-------- Data section --------

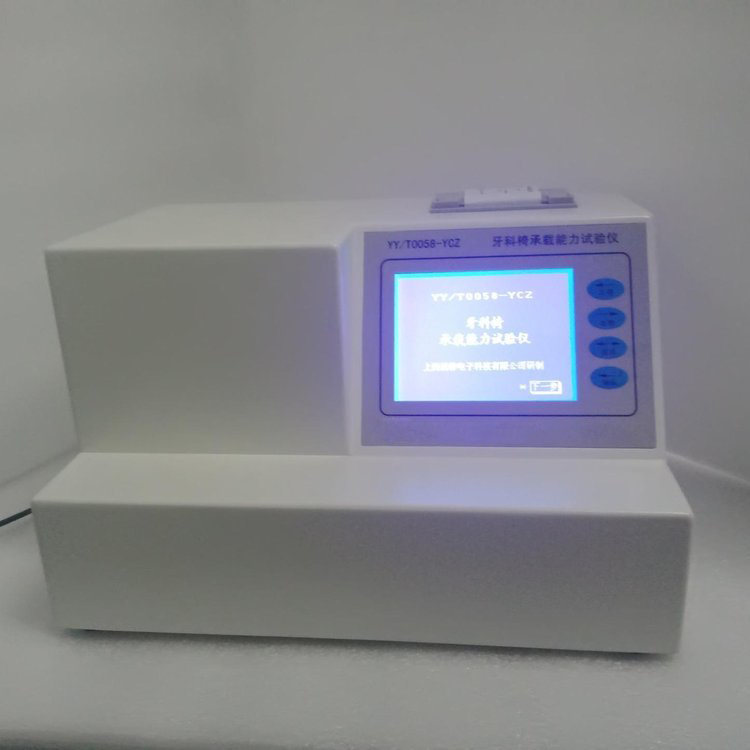 牙科椅承载能力试验仪采用7英寸真彩液晶触控显示屏,中文菜单显示。公称规格、试验载荷、打印、测试、上行、下行、时间、标定。由键盘控制液晶显示屏上的菜单,自动记录平面度数据,平均值、最大值、最小值等;自动输出数据报告,机载打印测试数据,完全符合YY/T 0058-2015牙科学 病人椅标准最新试验方法规定。
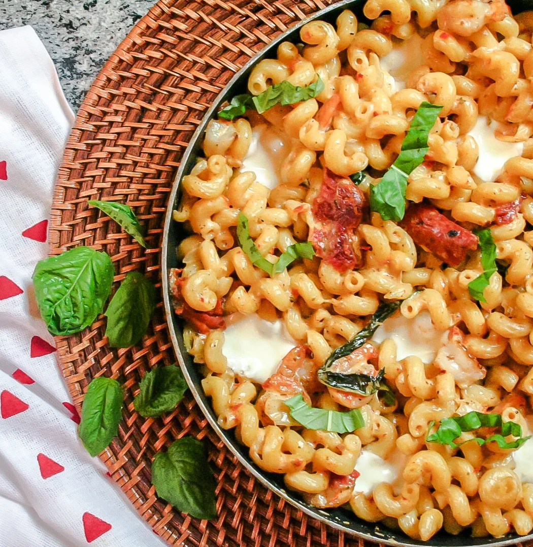 This is something that is a bit out of the box for me. We do eat a lot of pasta but it’s usually pretty basic with a pesto, alfredo or marinara sauce, meat and no extras. But I really do love sun-dried tomatoes so I wanted to think of a way to incorporate it into a pasta dish.
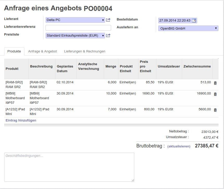Senden Sie Angebotsanfragen oder Beschaffungsaufträge mit einem Klick zu Ihren Lieferanten. Leiten Sie Wareneingänge und Eingangsrechnungen einfach von Ihren Beschaffungsaufträgen ab.
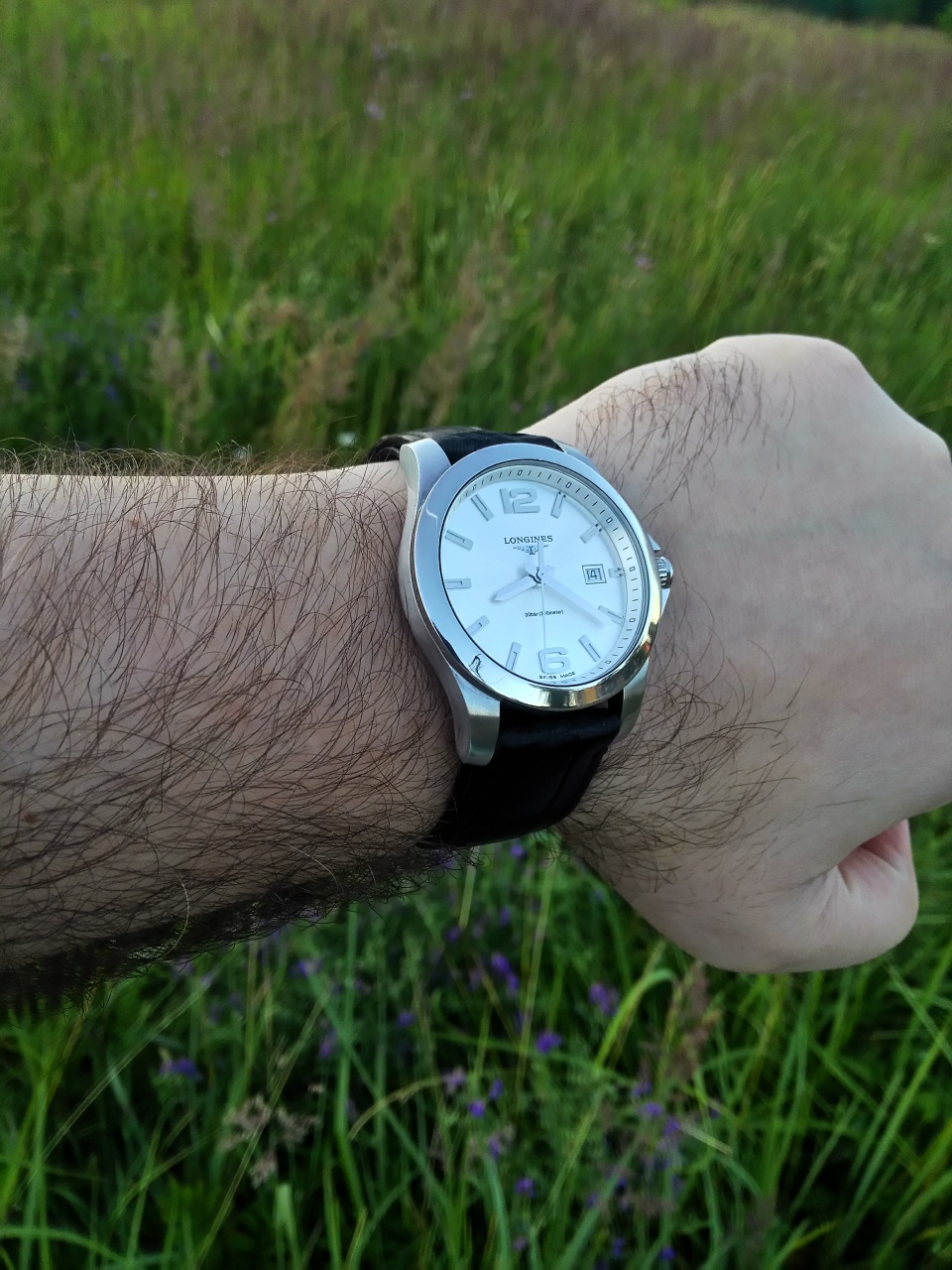 Часы после профилактического обслуживания. Их почистили, смазали, заменили элемент питания, старый ремешок из телячий кожи утратил себя и тоже был заменен на новый ремешок из кожи крокодила, ручной работы.

--------

▶ [Work task] Working from the listing above, retype it exactly but include no images.

▶ [Your solution]
 牙科椅承载能力试验仪采用7英寸真彩液晶触控显示屏,中文菜单显示。公称规格、试验载荷、打印、测试、上行、下行、时间、标定。由键盘控制液晶显示屏上的菜单,自动记录平面度数据,平均值、最大值、最小值等;自动输出数据报告,机载打印测试数据,完全符合YY/T 0058-2015牙科学 病人椅标准最新试验方法规定。
 This is something that is a bit out of the box for me. We do eat a lot of pasta but it’s usually pretty basic with a pesto, alfredo or marinara sauce, meat and no extras. But I really do love sun-dried tomatoes so I wanted to think of a way to incorporate it into a pasta dish.
Senden Sie Angebotsanfragen oder Beschaffungsaufträge mit einem Klick zu Ihren Lieferanten. Leiten Sie Wareneingänge und Eingangsrechnungen einfach von Ihren Beschaffungsaufträgen ab.
 Часы после профилактического обслуживания. Их почистили, смазали, заменили элемент питания, старый ремешок из телячий кожи утратил себя и тоже был заменен на новый ремешок из кожи крокодила, ручной работы.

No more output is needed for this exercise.